Supplied material:
------------------------------------

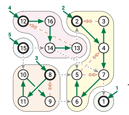 Hint: checkout the algorithm in figure 6.16 in the textbook, and the example execution in figure 6.17
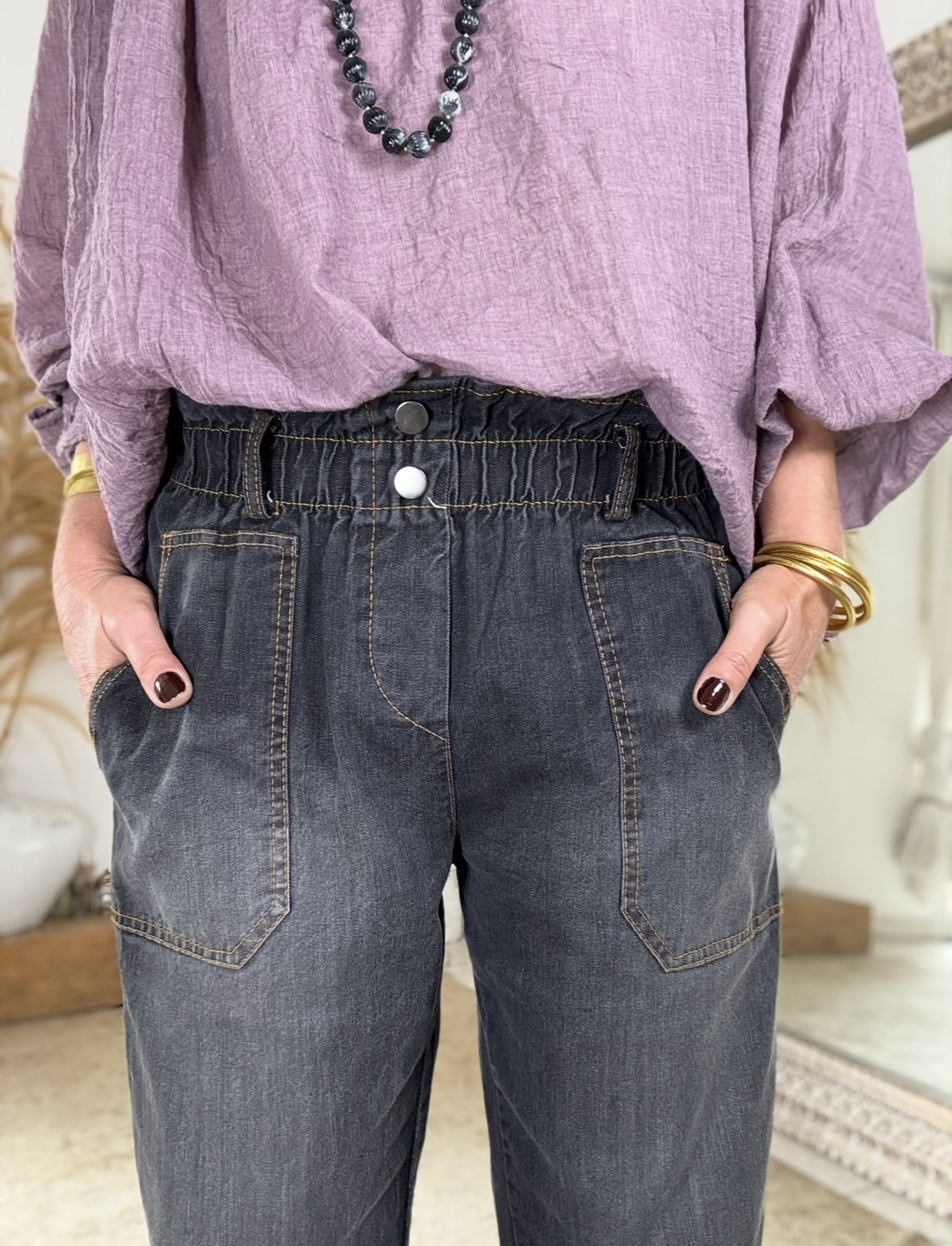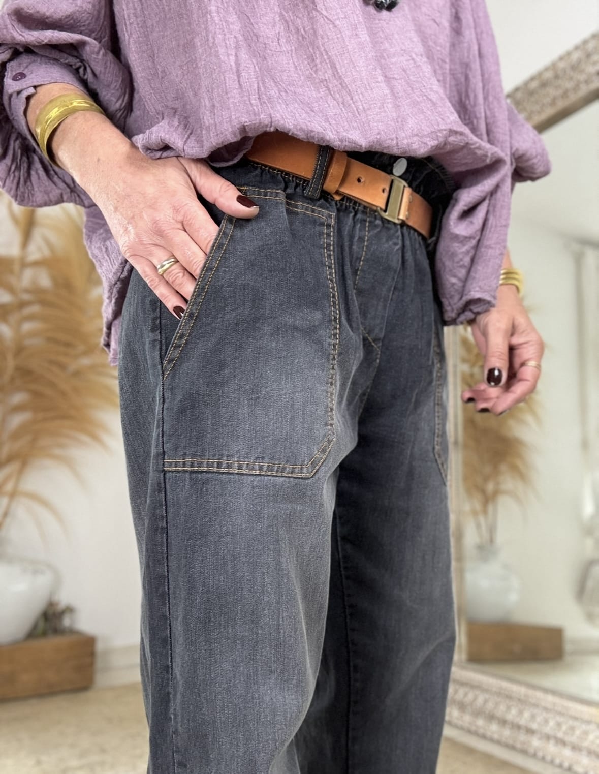 Pantalon magique en matière jean souple, coupe droite ample, taille élastique et bouton factice, coloris gris-noir délavé.Fabrication italienne. ( ceinture non incluse).
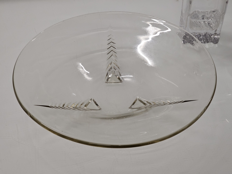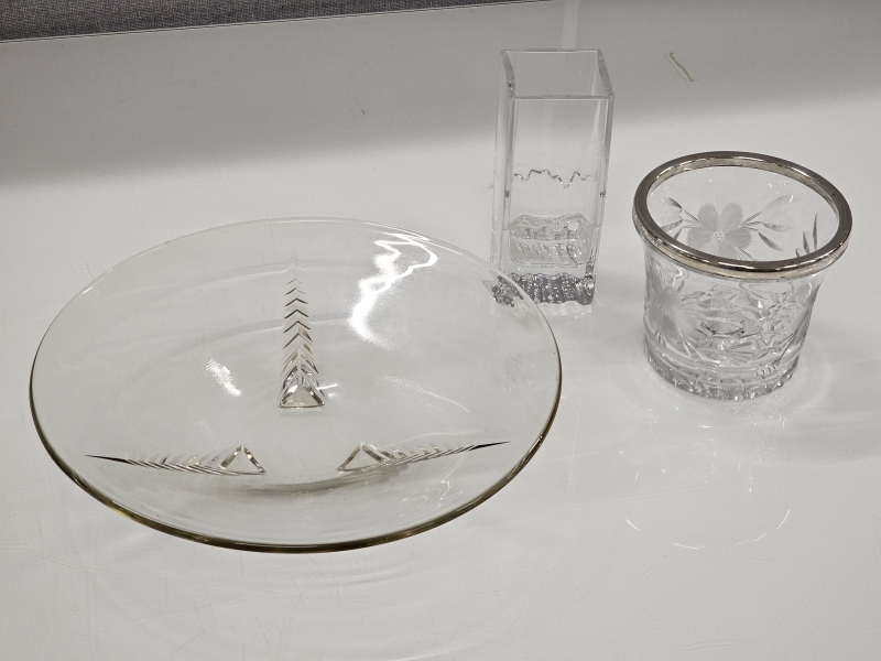 #299 - 3kpl lasiesineitä: Aimo Okkolin hopeapannalla, Wirkkala & art deco malja ym.
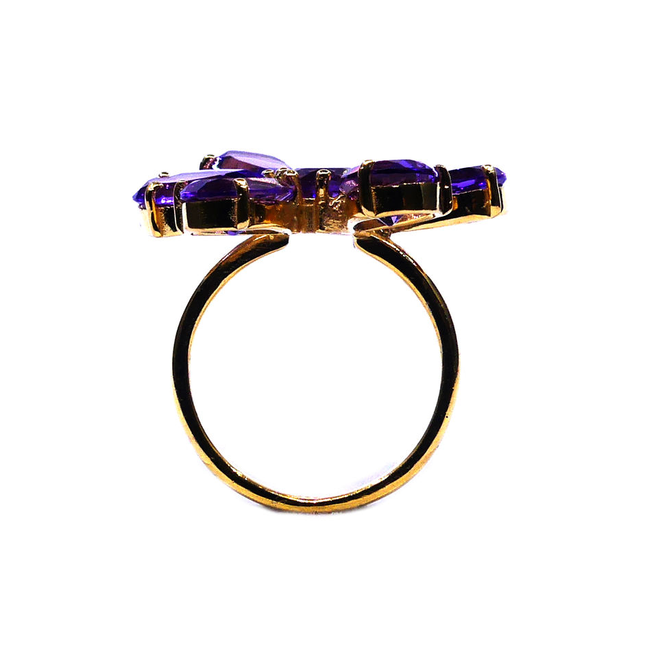 Classic Women's Wedding Ring 925 Sterling Silver with Gold Vermeil Amethyst Gemstone Stainless Steel Material for Anniversary

------------------------------------

Task requirements: Set down the material above word for word and skip its pictures.

Solution to the exercise:
 Hint: checkout the algorithm in figure 6.16 in the textbook, and the example execution in figure 6.17
 Pantalon magique en matière jean souple, coupe droite ample, taille élastique et bouton factice, coloris gris-noir délavé.Fabrication italienne. ( ceinture non incluse).
 #299 - 3kpl lasiesineitä: Aimo Okkolin hopeapannalla, Wirkkala & art deco malja ym.
 Classic Women's Wedding Ring 925 Sterling Silver with Gold Vermeil Amethyst Gemstone Stainless Steel Material for Anniversary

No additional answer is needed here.